YES post a pic! We are all dying to see it lol


----------



## .nicole. (Jul 8, 2006)

omg they are already out?? *tear*


----------



## hyperRealGurl (Jul 8, 2006)

Cool


----------



## Dede (Jul 8, 2006)

*shooting star - not out and no pics *

Hi y'all...no they are not out officially, I just got my hands on one 
	

	
	
		
		

		
		
	


	




 Check me out on MUA as dedecakes if you want more info (hope I can say that here and apologize if thats a no-no).

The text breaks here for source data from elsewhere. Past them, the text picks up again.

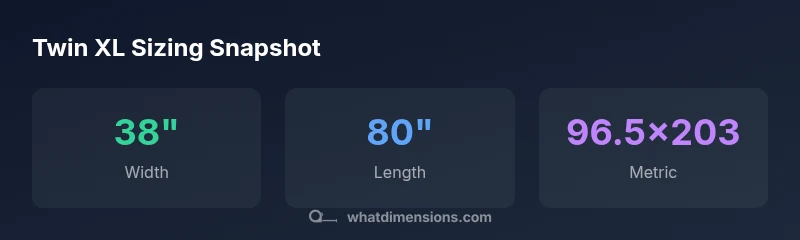According to What Dimensions, the twin XL bed is designed to maximize legroom without widening the frame. The 38-inch width remains the same as a standard twin, while the length extends to 80 inches. This configuration is ideal for dorm rooms and tall sleepers who need extra length but want to preserve a compact footprint. The practical impact is broader bedding options and a familiar mattress feel, paired with specialty sheets that accommodate the extra length. When you plan a room layout, consider door swing, closet access, and under-bed storage, since the overall footprint is slightly larger than a standard twin but still compact enough for limited spaces. What Dimensions notes that the growing availability of Twin XL options reflects demand from students and taller residents who prioritize comfort without sacrificing space.
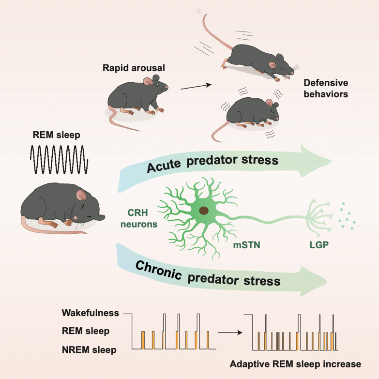 在此研究中,研究团队综合使用光纤记录,光/药物遗传学调控及内窥镜单神经元成像,解析了一条从丘脑底核(medial subthalamus nucleus, mSTN)促肾上腺皮质激素释放激素(corticotropin releasing hormone , CRH)神经元投射到外侧苍白球(lateral globus pallidus, LGP)的神经环路,介导了快速眼动睡眠下对天敌刺激的响应,抑制这群神经元缩短了快速眼动睡眠的长度,但延长了天敌刺激诱发觉醒的潜伏期。在动物觉醒情况下,这群神经元同样参与对本能恐惧刺激的调节。此外,通过给予小鼠慢性天敌压力刺激,发现小鼠REM睡眠结构显著改变,表现为REM睡眠时间的延长和睡眠的片段化,但在压力刺激期间化学抑制mSTN-CRH神经元活性则减弱了小鼠REM睡眠结构的改变。
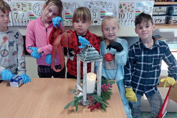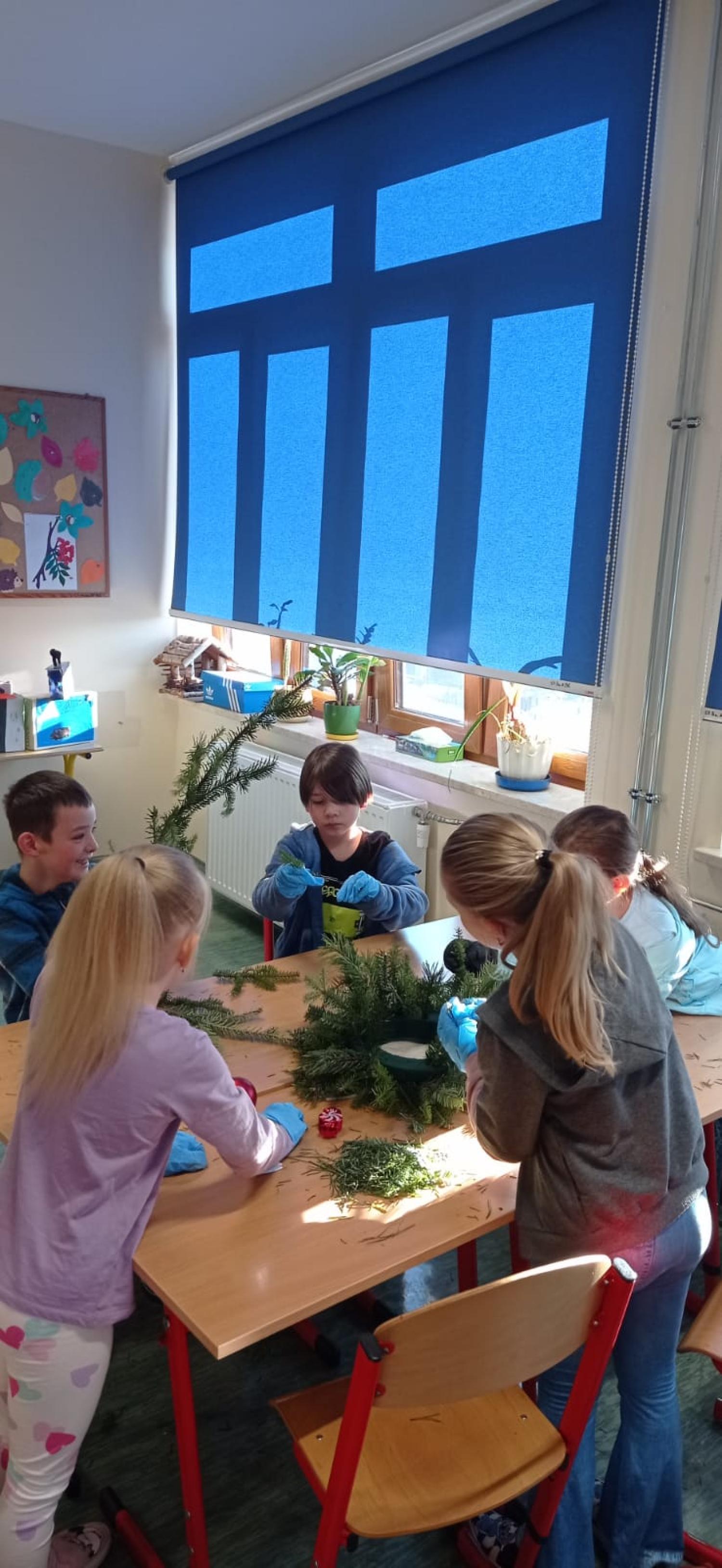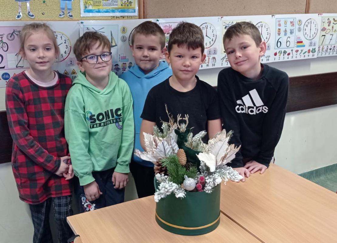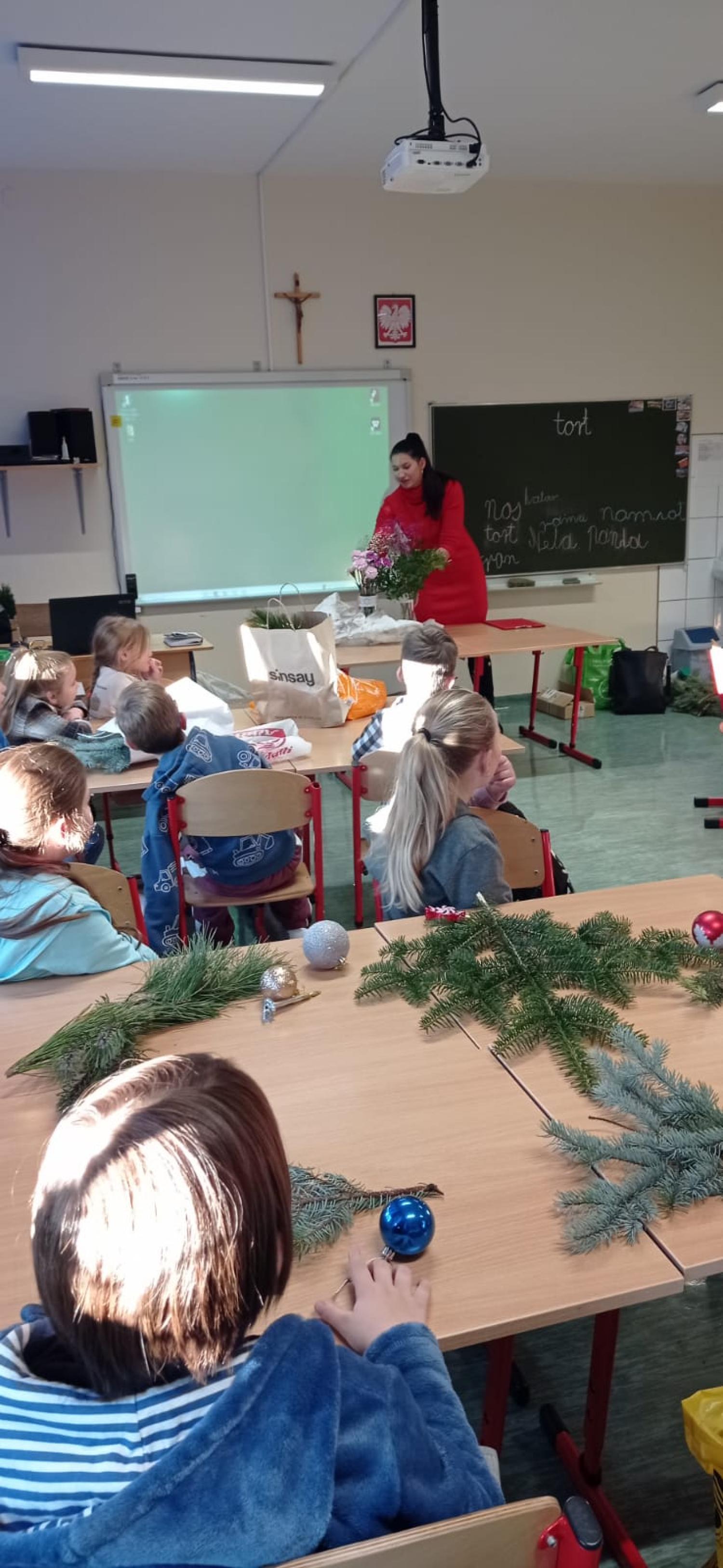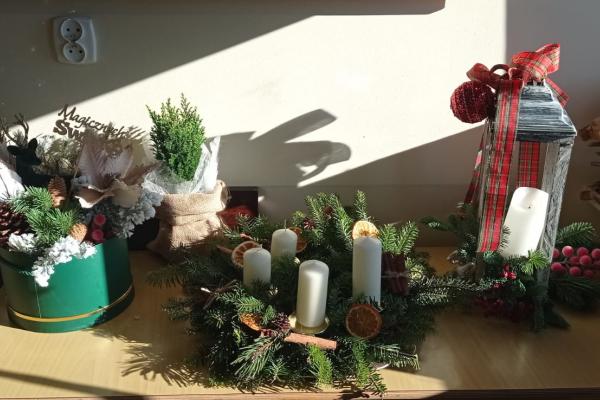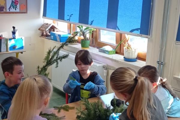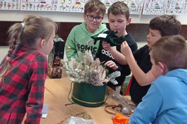 Pani Basia opowiedziała uczniom o swojej pracy, pasji do roślin oraz o tym, jak tworzy się różnorodne kompozycje kwiatowe. Największą atrakcją były warsztaty praktyczne. Pod okiem pani Basi uczniowie tworzyli świąteczne dekoracje, ucząc się dobierania elementów, układania gałązek i komponowania spójnych ozdób.
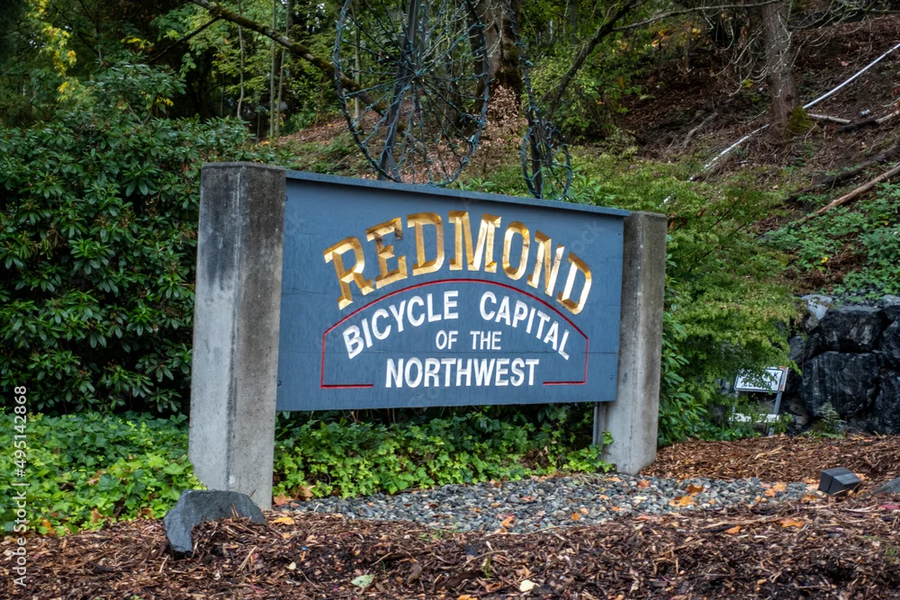 Redmond, WA USA - circa August 2021: Angled view of the Redmond Bicycle Capital of the Northwest sign near Lake Sammamish.
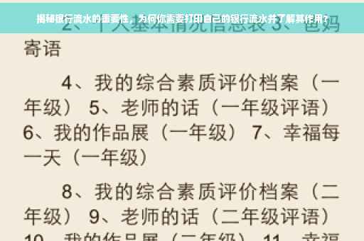 在当今社会,随着金融行业的快速发展,越来越多的人开始关注自己的财务状况,在这个过程中,银行流水作为重要的财务证明文件之一,扮演着至关重要的角色,为什么我们需要去银行打印流水呢?本文将为大家详细解析银行流水的重要性,并告诉大家如何正确获取银行流水。
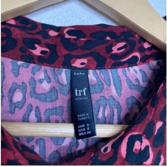 This Zara TRF cropped blouse features a bold red and pink leopard print, tailored from soft viscose, providing a stylish and comfortable fit. The buttoned cuffs and classic collar add a touch of sophistication, making it a versatile piece for various settings.
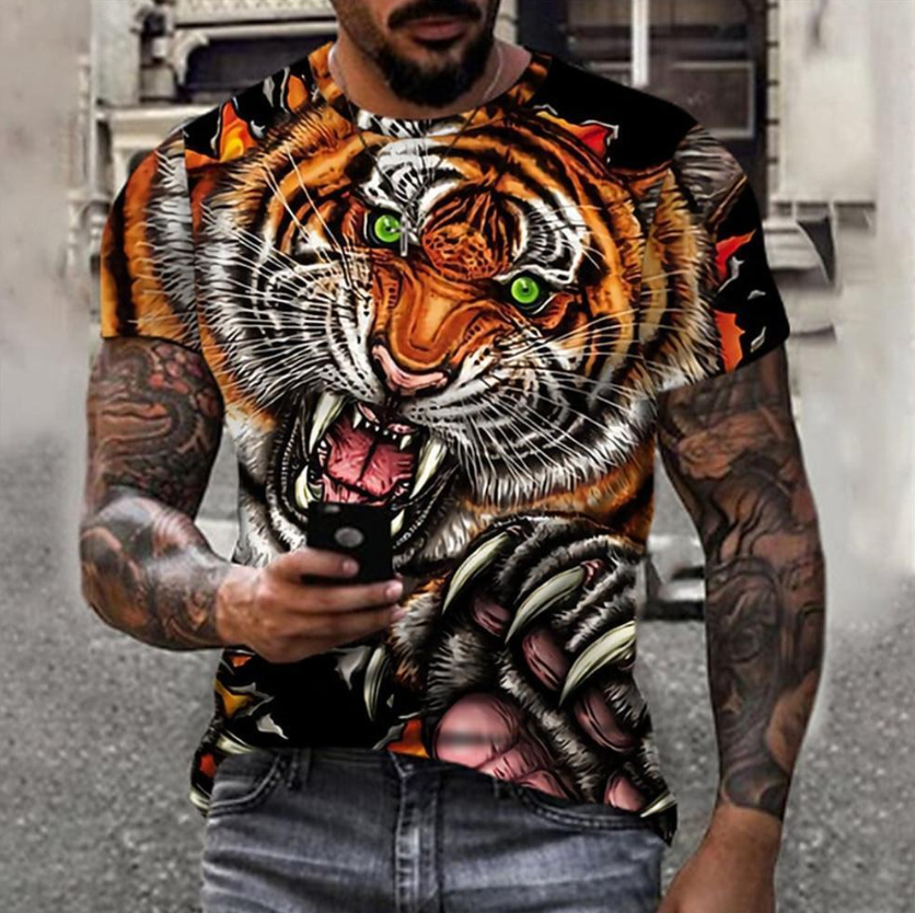 Introducing this captivating men's 3D printed t-shirt, a must-have addition to your summer wardrobe for embracing the wild and bold fashion. The lifelike 3D printed image of an animal lion makes this t-shirt stand out, adding a unique and daring statement to your summer outfits.
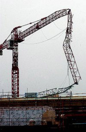 Worthton, 2005 - A Wolff 320BF( Luffer ) tower crane collapsed into another crane during dismantling.

Cant do a pic 'cause my 16 yo son took the digital for the week!!! It is darker than So Ceylon and the gold veining, at least in the one I got, is very pronounced and purty. I think it will be liked better than Naked You, but that is just my personal opinion

Also, I am waaayyy out in the country with no cable in my town and no DSL so if anyone has tips about pictures and stuff on dial-up puleeze let me know!

Dede


----------



## cloverette (Jul 8, 2006)

hi dede,

why are you giving it up for swap?


----------



## aziajs (Jul 9, 2006)

Shooting Star sounds beautiful.  My MA told me that it reminded her of Gold Desposit so I can't wait to see it.  I was hoping there would be a MSF some day that was darker than So Ceylon but not as dark as Metal Rock.


----------



## Cool Kitten (Jul 9, 2006)

wow, darker than So Ceylon? I guess i won't be getting it, So Ceylon is as dark as i can go...


----------



## devin (Jul 9, 2006)

ooooooh i can't wait to get my hands on it!!!!


----------



## Patricia (Jul 9, 2006)

oh really? i think i'm sad 
	

	
	
		
		

		
		
	


	




 it looked lighter than shimpagne in the pic... i really thought it was gonna be different... most prob it would look bad on me!


----------



## caroni99 (Jul 9, 2006)

Quote:

   Originally Posted by *aziajs* 
_Shooting Star sounds beautiful.  My MA told me that it reminded her of Gold Desposit so I can't wait to see it.  I was hoping there would be a MSF some day that was darker than So Ceylon but not as dark as Metal Rock._

 

That's exactly what I was hoping to hear


----------



## allan_willb (Jul 9, 2006)

wow!Sounds great.But when you get the camera back can I pls see a pic?


----------



## Sophia84 (Jul 9, 2006)

Ohh great haul!!!! Do you think Shooting Star it's too much for a NC20?? I keep hearing that Shimpagne is only shimmers without color!


----------